__About this task__: Copy exactly the lines of the material below that fall between the line with "Expertly crafted from" and the line with "Realizing that safety", both of those lines included; pictures stay out.

__Dataset extract__:
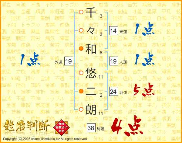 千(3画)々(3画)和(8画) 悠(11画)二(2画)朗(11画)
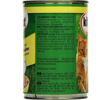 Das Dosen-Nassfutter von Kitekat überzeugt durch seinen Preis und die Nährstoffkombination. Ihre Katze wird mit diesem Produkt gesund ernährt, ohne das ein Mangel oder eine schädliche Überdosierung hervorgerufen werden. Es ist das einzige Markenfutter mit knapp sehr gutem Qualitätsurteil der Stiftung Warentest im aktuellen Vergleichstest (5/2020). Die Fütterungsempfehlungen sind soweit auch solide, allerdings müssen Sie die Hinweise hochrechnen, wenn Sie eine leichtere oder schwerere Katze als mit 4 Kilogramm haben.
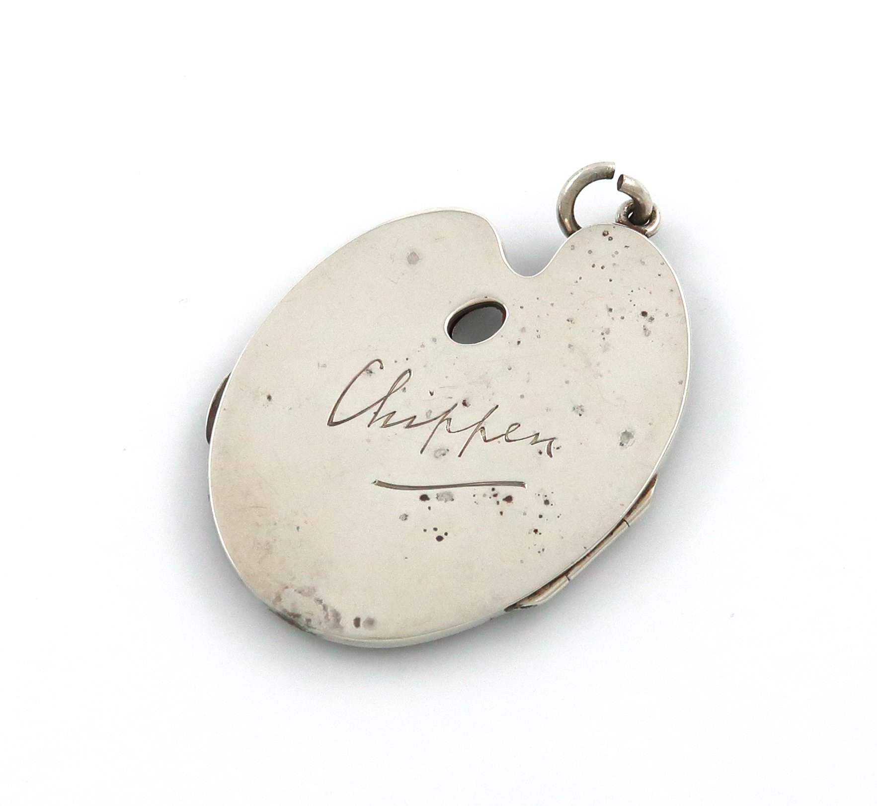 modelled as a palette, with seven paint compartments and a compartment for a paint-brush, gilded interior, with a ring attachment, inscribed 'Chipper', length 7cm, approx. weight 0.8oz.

--

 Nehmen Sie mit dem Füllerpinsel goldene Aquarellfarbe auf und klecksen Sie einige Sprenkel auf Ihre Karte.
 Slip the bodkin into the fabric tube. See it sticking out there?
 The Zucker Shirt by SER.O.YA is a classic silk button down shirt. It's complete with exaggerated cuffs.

==

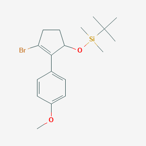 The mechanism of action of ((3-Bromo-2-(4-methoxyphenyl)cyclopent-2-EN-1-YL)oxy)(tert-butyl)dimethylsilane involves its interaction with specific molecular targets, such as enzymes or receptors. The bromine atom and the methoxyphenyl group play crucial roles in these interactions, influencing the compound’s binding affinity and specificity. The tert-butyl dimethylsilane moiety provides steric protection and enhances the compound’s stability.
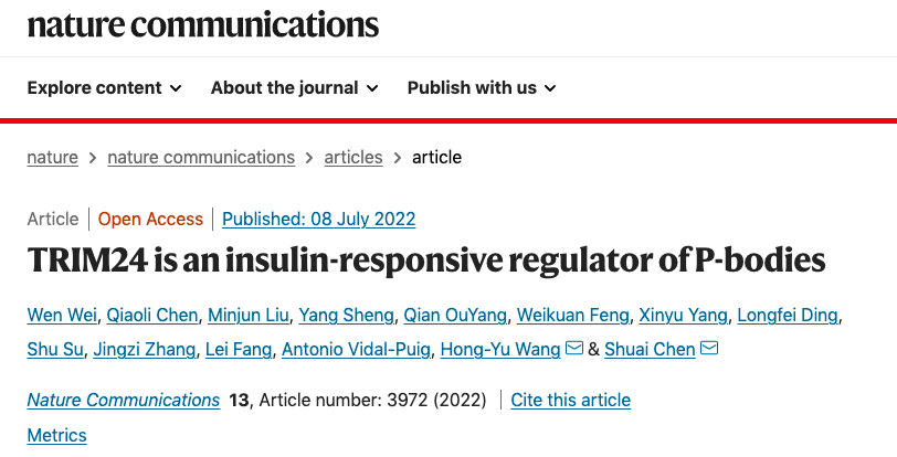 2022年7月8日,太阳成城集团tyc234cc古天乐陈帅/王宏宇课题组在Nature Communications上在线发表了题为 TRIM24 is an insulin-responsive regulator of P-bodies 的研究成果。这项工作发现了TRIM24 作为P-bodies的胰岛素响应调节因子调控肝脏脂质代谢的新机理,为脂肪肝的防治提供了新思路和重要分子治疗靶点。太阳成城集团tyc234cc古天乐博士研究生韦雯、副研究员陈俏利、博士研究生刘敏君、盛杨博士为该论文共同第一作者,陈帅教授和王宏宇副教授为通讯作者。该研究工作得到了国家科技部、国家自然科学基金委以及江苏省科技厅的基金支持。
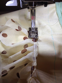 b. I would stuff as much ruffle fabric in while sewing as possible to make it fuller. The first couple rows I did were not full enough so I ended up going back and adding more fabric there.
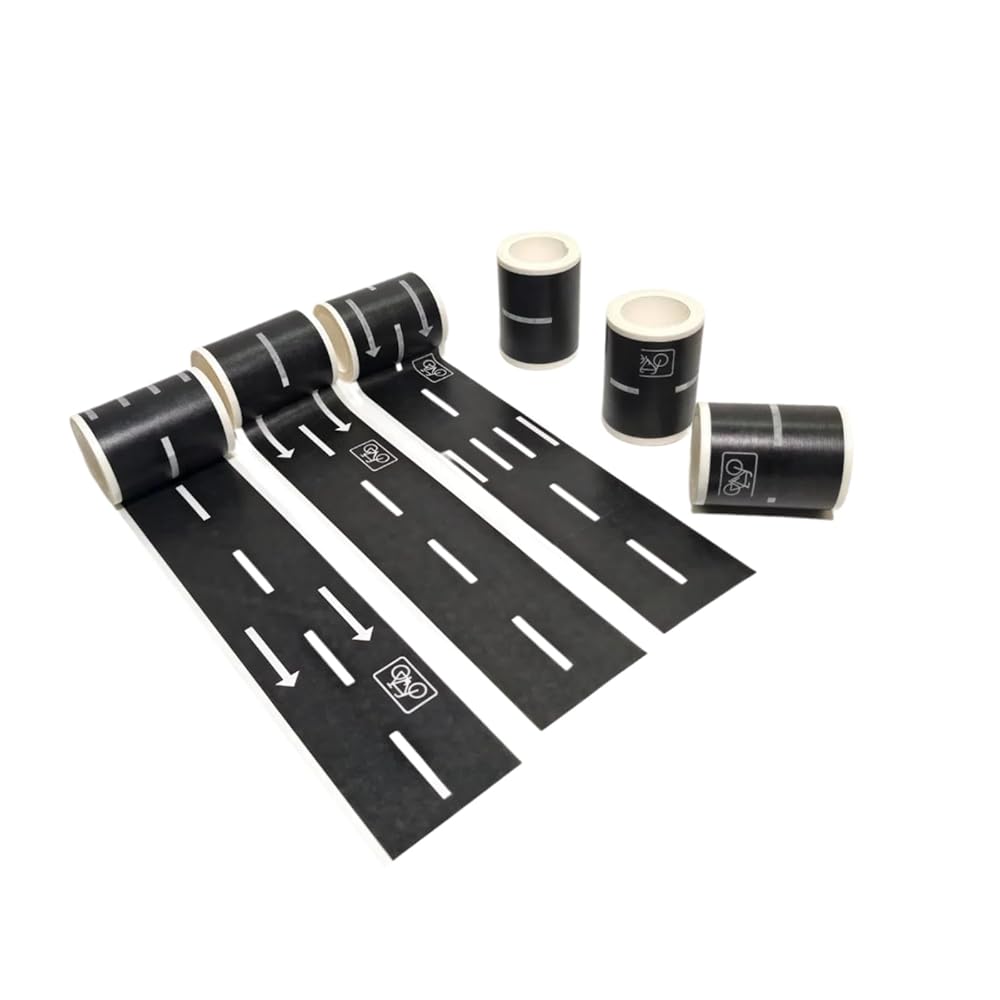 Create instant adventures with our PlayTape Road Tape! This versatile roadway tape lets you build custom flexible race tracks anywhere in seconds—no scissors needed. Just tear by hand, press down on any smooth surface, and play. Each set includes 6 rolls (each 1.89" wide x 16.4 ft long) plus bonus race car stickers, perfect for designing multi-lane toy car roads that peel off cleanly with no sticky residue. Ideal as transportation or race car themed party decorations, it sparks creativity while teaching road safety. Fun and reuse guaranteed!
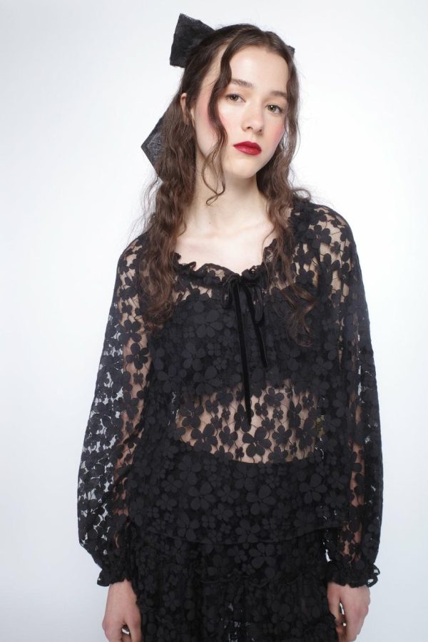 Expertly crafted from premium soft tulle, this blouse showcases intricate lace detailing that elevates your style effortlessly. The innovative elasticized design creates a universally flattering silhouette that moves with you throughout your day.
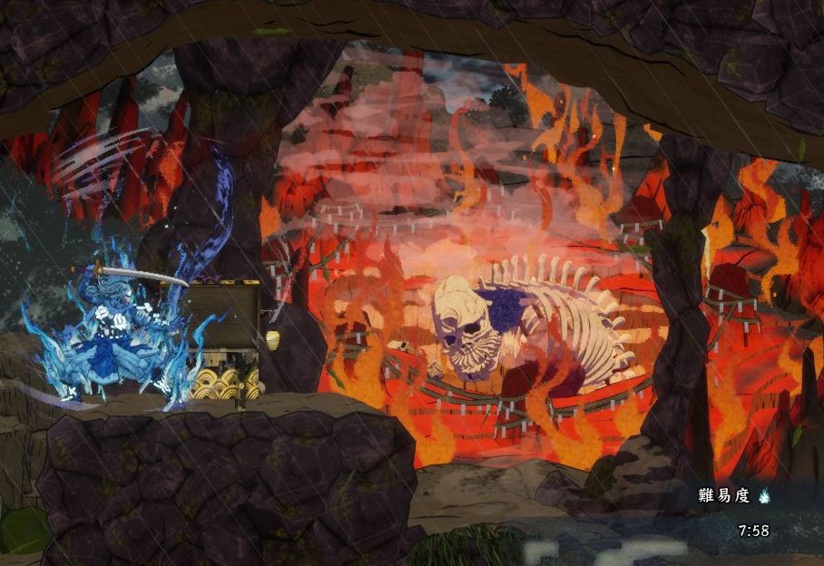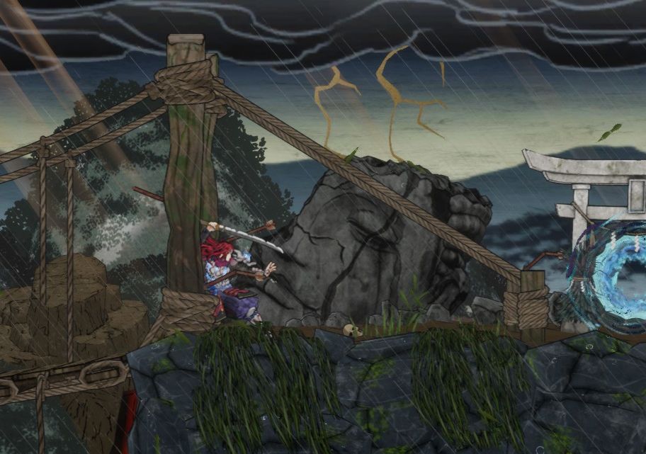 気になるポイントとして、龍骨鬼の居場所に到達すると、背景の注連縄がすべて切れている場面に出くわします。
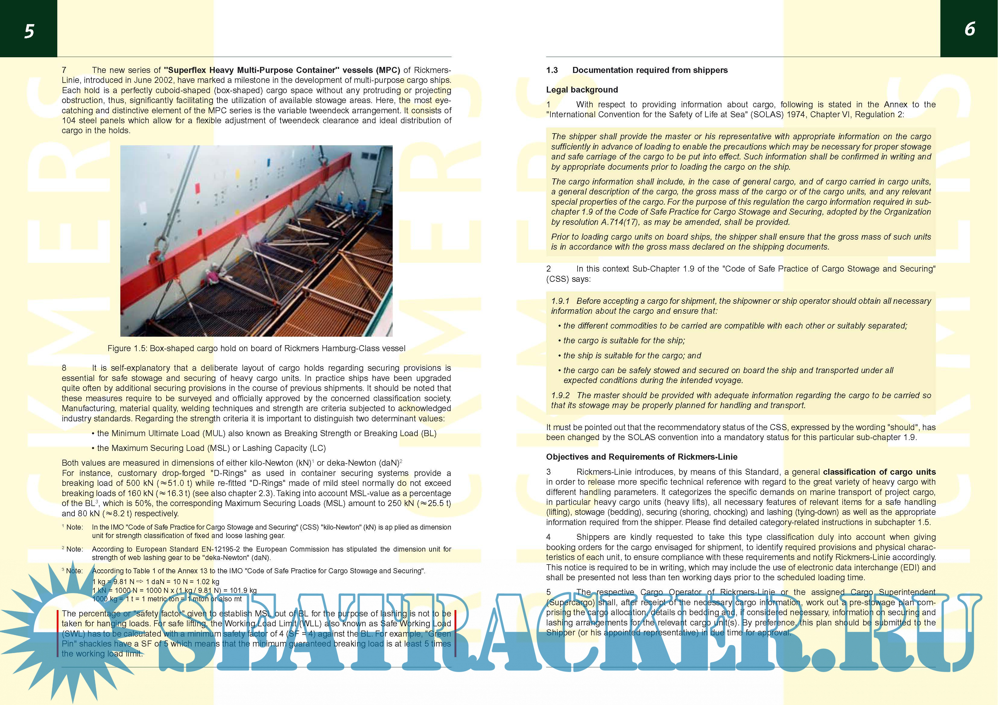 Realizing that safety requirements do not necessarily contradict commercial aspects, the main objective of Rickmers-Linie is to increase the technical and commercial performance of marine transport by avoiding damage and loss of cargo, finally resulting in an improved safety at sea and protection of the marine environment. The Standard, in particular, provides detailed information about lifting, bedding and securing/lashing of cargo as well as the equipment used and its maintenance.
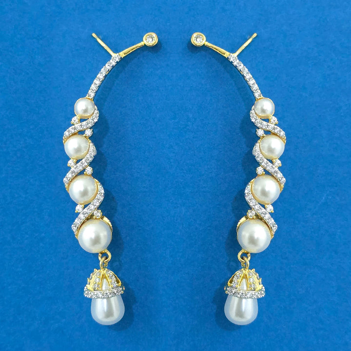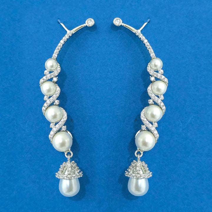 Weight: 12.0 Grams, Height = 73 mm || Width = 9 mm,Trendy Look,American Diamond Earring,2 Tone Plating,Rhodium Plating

__Answer box__:
 Expertly crafted from premium soft tulle, this blouse showcases intricate lace detailing that elevates your style effortlessly. The innovative elasticized design creates a universally flattering silhouette that moves with you throughout your day.
 気になるポイントとして、龍骨鬼の居場所に到達すると、背景の注連縄がすべて切れている場面に出くわします。
 Realizing that safety requirements do not necessarily contradict commercial aspects, the main objective of Rickmers-Linie is to increase the technical and commercial performance of marine transport by avoiding damage and loss of cargo, finally resulting in an improved safety at sea and protection of the marine environment. The Standard, in particular, provides detailed information about lifting, bedding and securing/lashing of cargo as well as the equipment used and its maintenance.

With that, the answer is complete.